Introduction to Datasets

The Datasets API, added in Apache Spark 1.6, provides the benefits of RDDs (strong typing, ability to use powerful lambda functions) with the benefits of Spark SQL’s optimized execution engine that leverages project Tungsten. A user can define a Dataset JVM objects and then manipulate them using functional transformations (map, flatMap, filter, etc.) similar to an RDD. The benefits is that, unlike RDDs, these transformations are now applied on a structured and strongly typed distributed collection that allows Spark to leverage Spark SQL’s execution engine for optimization.

Verify that the notebook runs an Apache Spark 1.6+ version as the Dataset API requires version 1.6+.

require(sc.version.replace(".", "").substring(0,3).toInt >= 160, "Spark 1.6.0+ required to run this notebook.")

Creating Datasets

You can simply call .toDS() on a sequence to convert the sequence to a Dataset.

val dataset = Seq(1, 2, 3).toDS()
dataset.show()

If you have a sequence of case classes, calling .toDS() will provide a dataset with all the necessary fields in the dataset.

case class Person(name: String, age: Int)

val personDS = Seq(Person("Max", 33), Person("Adam", 32), Person("Muller", 62)).toDS()
personDS.show()

Creating Datasets from a RDD You can call rdd.toDS() to convert an RDD into a Dataset.

val rdd = sc.parallelize(Seq((1, "Spark"), (2, "Databricks")))
val integerDS = rdd.toDS()
integerDS.show()

Creating Datasets from a DataFrame You can call df.as[SomeCaseClass] to convert the DataFrame to a Dataset.

case class Company(name: String, foundingYear: Int, numEmployees: Int)
val inputSeq = Seq(Company("ABC", 1998, 310), Company("XYZ", 1983, 904), Company("NOP", 2005, 83))
val df = sc.parallelize(inputSeq).toDF()

val companyDS = df.as[Company]
companyDS.show()

You can also deal with tuples while converting a DataFrame to Dataset without using a case class

val rdd = sc.parallelize(Seq((1, "Spark"), (2, "Databricks"), (3, "Notebook")))
val df = rdd.toDF("Id", "Name")

val dataset = df.as[(Int, String)]
dataset.show()

Working with Datasets

Word Count Example

val wordsDataset = sc.parallelize(Seq("Spark I am your father", "May the spark be with you", "Spark I am your father")).toDS()
val groupedDataset = wordsDataset.flatMap(_.toLowerCase.split(" "))
                                 .filter(_ != "")
                                 .groupBy("value")
val countsDataset = groupedDataset.count()
countsDataset.show()

Joining in Datasets

The following example demonstrates the following: Union multiple datasets Doing an inner join on a condition Group by a specific column Doing a custom aggregation (average) on the grouped dataset.

The examples uses only Datasets API to demonstrate all the operations available.
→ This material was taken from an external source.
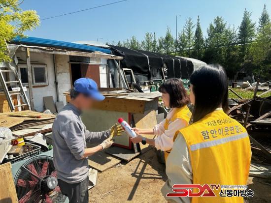 ƯÈ÷, ÇÔ¾È ÀÌ¿ô¿¬°á´ÜÀÌ °íµ¶»ç À§ÇèÀÚ °¡Á¤¿¡ Á÷Á¢ ¹æ¹®ÇØ È­Àç¾ÈÀü¹°Ç°(½ºÇÁ·¹ÀÌÇü ¼ÒÈ­±â)¸¦ Àü´ÞÇϰí, »ç¿ë¹ý ±³À°°ú ÇÔ²² ¾ÈºÎ¸¦ È®ÀÎÇß´Ù. ¶ÇÇÑ ¹æ¹® »ó´ãÀ» ÅëÇÑ º¹Áö ¼­ºñ½º ¿¬°è¸¦ ÁøÇàÇØ ´Ü¼øÇÑ ¹°Ç° Áö¿øÀ» ³Ñ¾î »çȸÀû °ü°è ȸº¹ ¹× ¿¹¹æÀû µ¹º½ ü°è ±¸ÃàÀ» ¸ñÇ¥·Î Çß´Ù.

In reality, using DataFrames for doing aggregation would be simpler and faster than doing custom aggregation with mapGroups. The next section covers the details of converting datasets to DataFrames and using DataFrames API for doing aggregations.

case class Employee(name: String, age: Int, departmentId: Int, salary: Double)
case class Department(id: Int, name: String)
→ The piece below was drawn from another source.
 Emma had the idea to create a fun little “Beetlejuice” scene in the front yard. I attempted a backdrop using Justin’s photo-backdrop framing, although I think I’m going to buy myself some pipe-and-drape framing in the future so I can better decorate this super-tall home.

case class Record(name: String, age: Int, salary: Double, departmentId: Int, departmentName: String)
case class ResultSet(departmentId: Int, departmentName: String, avgSalary: Double)

val employeeDataSet1 = sc.parallelize(Seq(Employee("Max", 22, 1, 100000.0), Employee("Adam", 33, 2, 93000.0), Employee("Eve", 35, 2, 89999.0), Employee("Muller", 39, 3, 120000.0))).toDS()
val employeeDataSet2 = sc.parallelize(Seq(Employee("John", 26, 1, 990000.0), Employee("Joe", 38, 3, 115000.0))).toDS()
val departmentDataSet = sc.parallelize(Seq(Department(1, "Engineering"), Department(2, "Marketing"), Department(3, "Sales"))).toDS()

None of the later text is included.